Jan 27 03:23:27 <Dark_Shikari> that comes after your pyramid search

Jan 27 03:26:13 <cancan101> for SAD: h->pixf.fpelcmp[i_pixel](cur, 16, ref, stride )?

Jan 27 03:27:34 <Dark_Shikari> yes

Jan 27 03:27:47 <Dark_Shikari> for you the stride of cur may not be 16

Jan 27 03:27:51 <cancan101> right

Jan 27 03:27:55 <Dark_Shikari> remember, its src1, stride1, src2, stride2

Jan 27 03:27:55 <Dark_Shikari> yeah

Jan 27 03:28:01 <Dark_Shikari> i_pixel is the size of your comparison

Jan 27 03:28:05 <Dark_Shikari> PIXEL_16x16 for 16x16

Jan 27 03:29:12 <cancan101> and src

Jan 27 03:29:20 <cancan101> is to the first pixel in the bock?

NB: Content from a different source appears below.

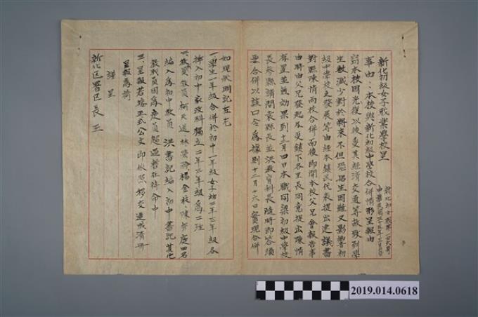 新化女子初級職業學校存置陳情書

Jan 27 03:30:29 <Dark_Shikari> yes

Jan 27 03:30:35 <Dark_Shikari> as is ref (for the comparison block)

Subpartions

What is this doing (in analyse.c :: x264_macroblock_analyse): analysis.l0.i_cost8x8 < analysis.l0.me16x16.cost ?

- if p8x8 score is better than 16x16 score, do sub-8x8 analysis. For ME of 8x8, you just take the MVs from 16x16 and use them as starting points for 8x8.
- We don't care about this, because we're not doing sub-8x8 analysis.